Budget Calls For Increased Pesticide Fees

March 10, 2006 - 11:45

The Bush administration’s proposed budget for fiscal year 2007 has drawn concern from some in the pesticide industry. The budget would raise pesticide registration fees by $56 million, conflicting with current pesticide legislation.

“The president’s budget, if passed, will be very costly to the pesticide industry and could also devastate small and medium-sized management companies,” said Phil Klein, senior vice president of legislative affairs for Consumer Specialty Products Association. His trade association is a member of a coalition that will meet in the next few weeks to discuss efforts to lobby against the budget.

Besides being excessive, Klein said, the fees contradict the Pesticide Registration Improvement Act of 2003 (PRIA), which the administration passed with the support of industry and environmental groups.

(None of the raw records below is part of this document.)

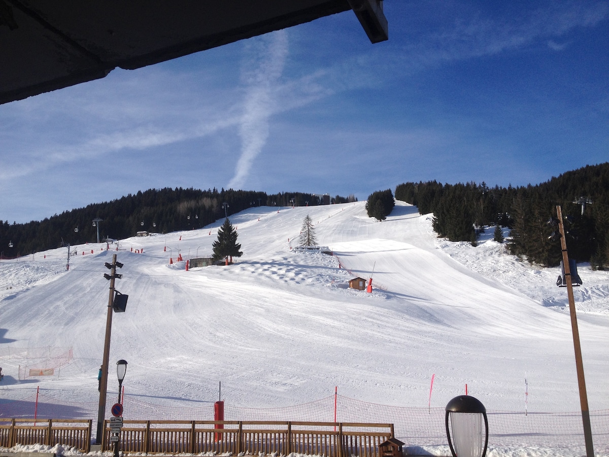Enjoy the amazing view from our terrace in our appartement , completely renovated in 2023 , located in the centre of Courchevel village , in front of the slope and ski lift ( across the street ) One big living room with one murphy bed (2 pers) and a sofa ( 2 pers), kitchen fully equipped, balcony Shops, bars, restaurant and public parking nearby . Bedlinen and towels are not provided .
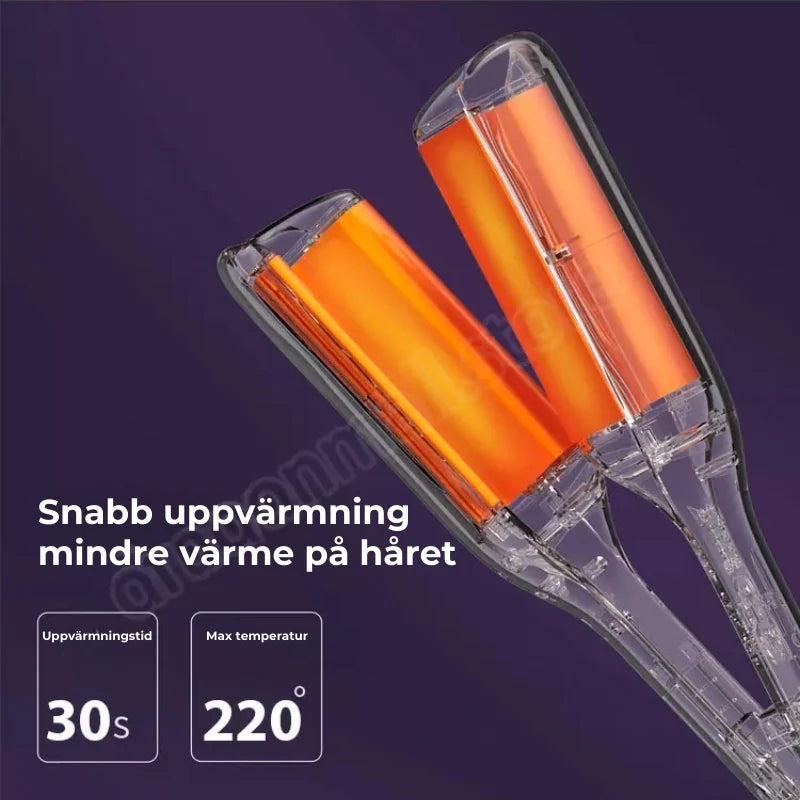 - Den unika 32mm vågformen ger naturliga, fylliga vågor som håller hela dagen – med perfekt glans och volym.
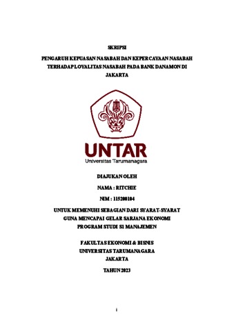 Ritchie, Ritchie (2023) PENGARUH KEPUASAN NASABAH DAN KEPERCAYAAN NASABAH TERHADAP LOYALITAS NASABAH PADA BANK DANAMON DI JAKARTA. Skripsi thesis, Universitas Tarumanagara.
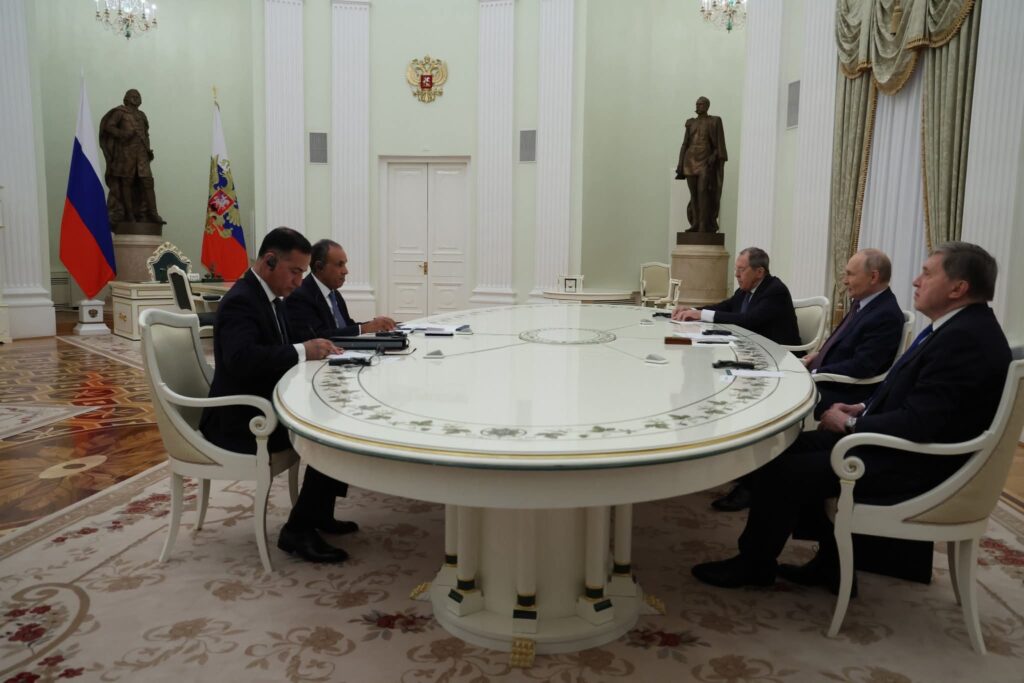 نقل الوزير عبد العاطي تحيات الرئيس عبد الفتاح السيسي رئيس الجمهورية إلى الرئيس الروسي، وقام بتسليم رسالة خطية من رئيس الجمهورية إلى رئيس روسيا الاتحادية، تناولت سبل تطوير العلاقات الثنائية وتعزيز الشراكة الاستراتيجية بين البلدين، والحرص على مواصلة التنسيق إزاء القضايا الإقليمية والدولية محل الاهتمام المشترك.

PRIA was enacted to build financial stability into the pesticide industry. It created a new fee system that structured payment, decision-making and review processes. The pesticide industry agreed to pay just under $200 million in fees over five years to the Environmental Protection Agency (EPA) in exchange for this system.

“It’s very important, from a business standpoint, to be able to have certain registration activity accomplished in a certain timeframe,” said Karen Reardon, director of communications and public relations for Responsible Industry for a Sound Environment (RISE). “[It helps] agricultural and non-agricultural growers know when new products are coming on the market.”

PRIA’s stability would have to adjust to any new fees. The legislation prohibited the EPA from collecting fees for tolerance — the amount of residue allowed on a product. The proposed budget calls for the collection of these fees, along with others, for the extension of maintenance charges and the operation of a registration review program. If these fees are implemented, PRIA would have to be amended, said Elizabeth Leovey, senior adviser of PRIA implementation for the EPA.

But pesticide fees are necessary, Reardon said, as long as they are reasonable and the pesticide industry benefits from them. Under PRIA, the EPA used those fees to fund pesticide programs. If new fees are enacted, she hopes they will serve the same purpose.

As those EPA programs have grown, the government has asked for more money. The budget outlines a need to pay for pesticide registration costs and EPA programs as the reason for the fee increase. The budget states that, “the administration has long maintained that the bulk of the costs associated with EPA’s pesticide activities should be covered by fees because pesticide registrants receive direct benefits from EPA’s services.” Those services include registering products, performing scientific risk assessments and evaluating the health impacts of pesticides.

The EPA’s services reach a wide range of industry companies, but so will potential fees, according to Bill Balek, director of legislative affairs for ISSA, a trade association for the cleaning industry.

“It’s fair to say that the fee increases [the government] is seeking are so sizeable that it will affect the whole industry, no matter the size of the business.”